Segment Start: Information
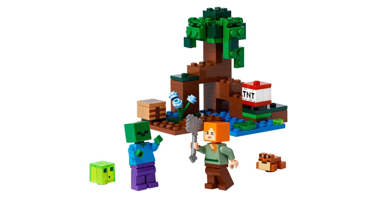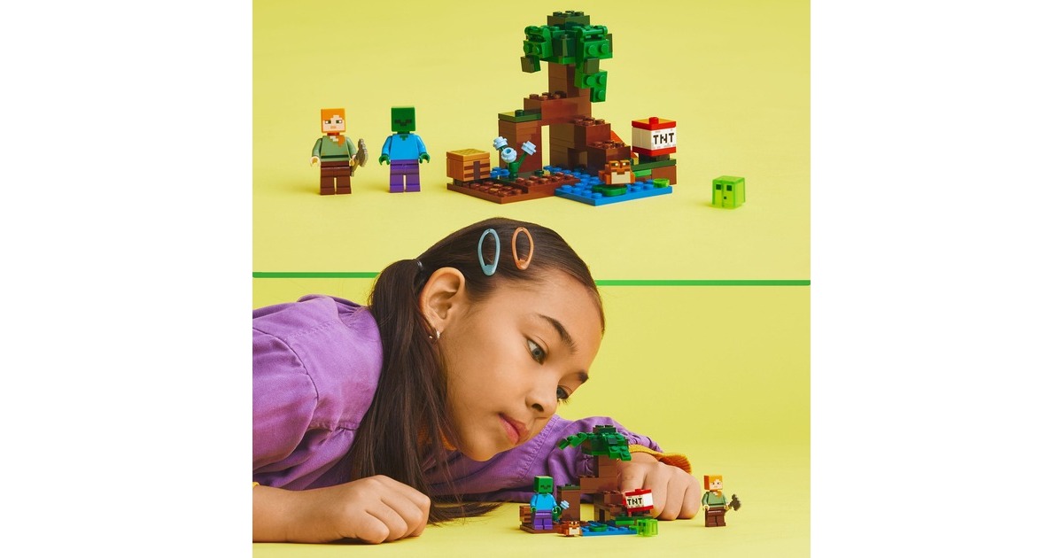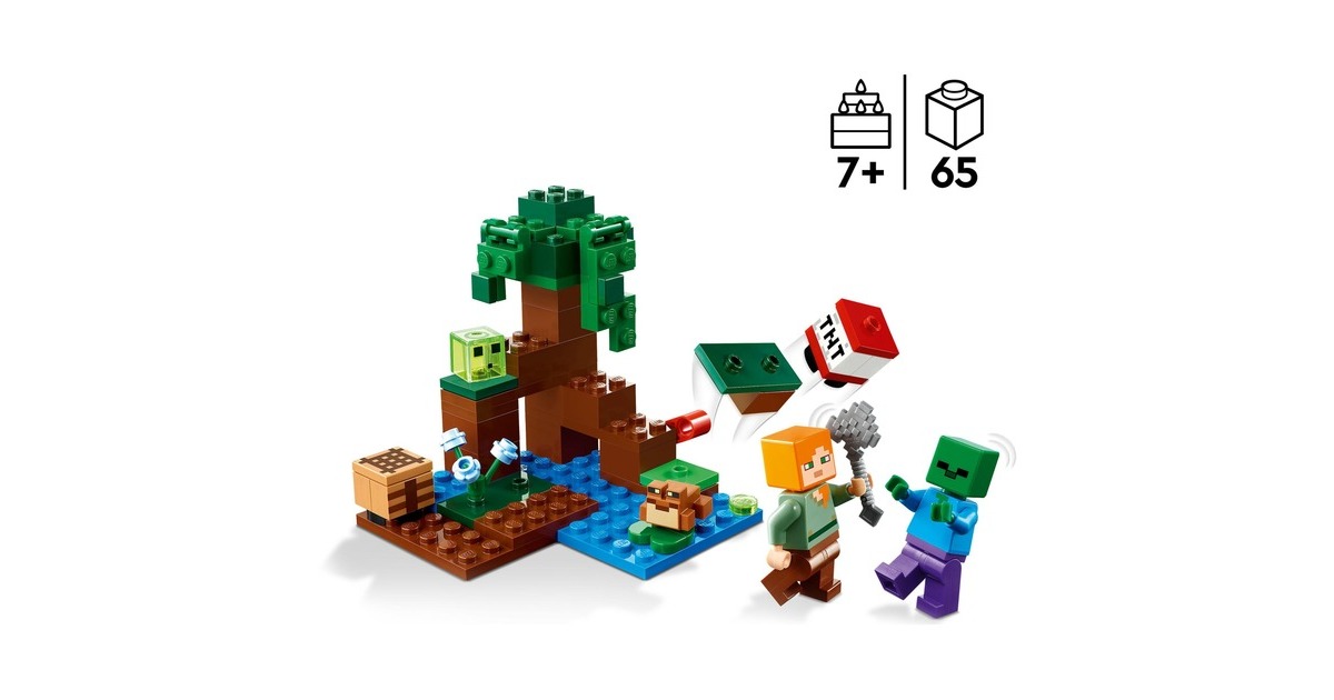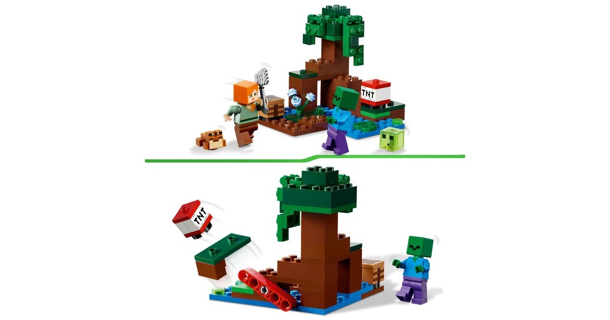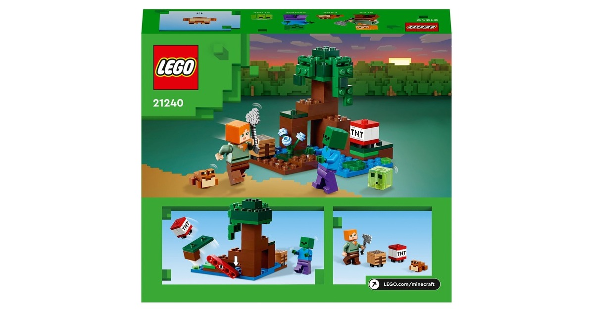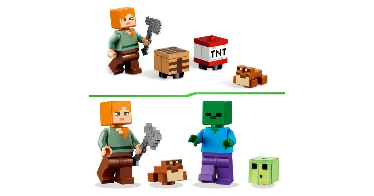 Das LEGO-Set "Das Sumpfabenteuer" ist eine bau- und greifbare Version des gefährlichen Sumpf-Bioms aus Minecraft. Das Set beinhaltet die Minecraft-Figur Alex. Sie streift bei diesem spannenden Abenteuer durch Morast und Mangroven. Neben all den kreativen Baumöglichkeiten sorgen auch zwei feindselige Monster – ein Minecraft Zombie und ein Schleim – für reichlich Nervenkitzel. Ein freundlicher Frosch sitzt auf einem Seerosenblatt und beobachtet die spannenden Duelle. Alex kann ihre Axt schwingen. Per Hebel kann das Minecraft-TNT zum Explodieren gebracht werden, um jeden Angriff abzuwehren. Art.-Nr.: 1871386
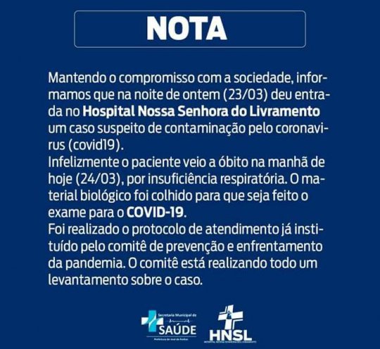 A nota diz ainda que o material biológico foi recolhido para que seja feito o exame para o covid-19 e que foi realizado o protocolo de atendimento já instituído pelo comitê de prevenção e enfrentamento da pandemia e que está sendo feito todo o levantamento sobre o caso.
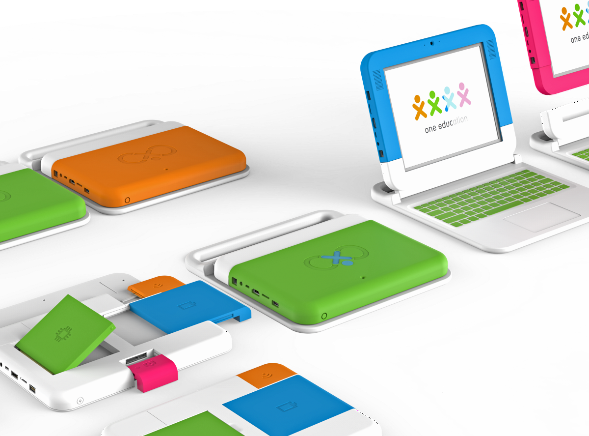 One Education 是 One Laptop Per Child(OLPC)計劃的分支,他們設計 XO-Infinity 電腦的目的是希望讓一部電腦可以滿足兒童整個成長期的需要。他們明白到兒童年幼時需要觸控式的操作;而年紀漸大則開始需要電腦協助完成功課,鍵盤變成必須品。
Segment End: Information
Segment Start: Information
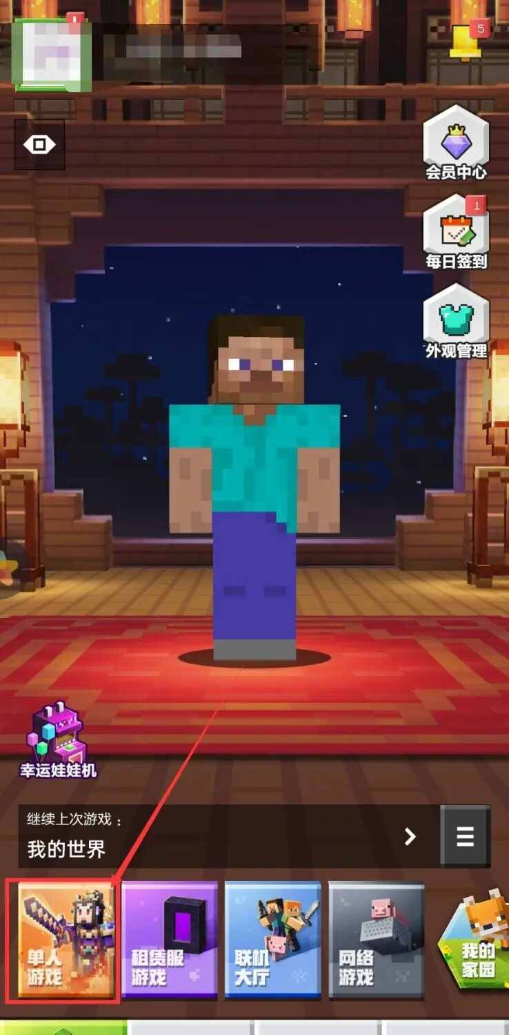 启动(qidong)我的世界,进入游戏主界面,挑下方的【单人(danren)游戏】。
Segment End: Information
**Work instruction**. Beginning at the line that has "A nota diz ainda" and ending at the line that has "One Education 是", restate the listing above word for word, pictures left out.

**Reply to the task**.
 A nota diz ainda que o material biológico foi recolhido para que seja feito o exame para o covid-19 e que foi realizado o protocolo de atendimento já instituído pelo comitê de prevenção e enfrentamento da pandemia e que está sendo feito todo o levantamento sobre o caso.
 One Education 是 One Laptop Per Child(OLPC)計劃的分支,他們設計 XO-Infinity 電腦的目的是希望讓一部電腦可以滿足兒童整個成長期的需要。他們明白到兒童年幼時需要觸控式的操作;而年紀漸大則開始需要電腦協助完成功課,鍵盤變成必須品。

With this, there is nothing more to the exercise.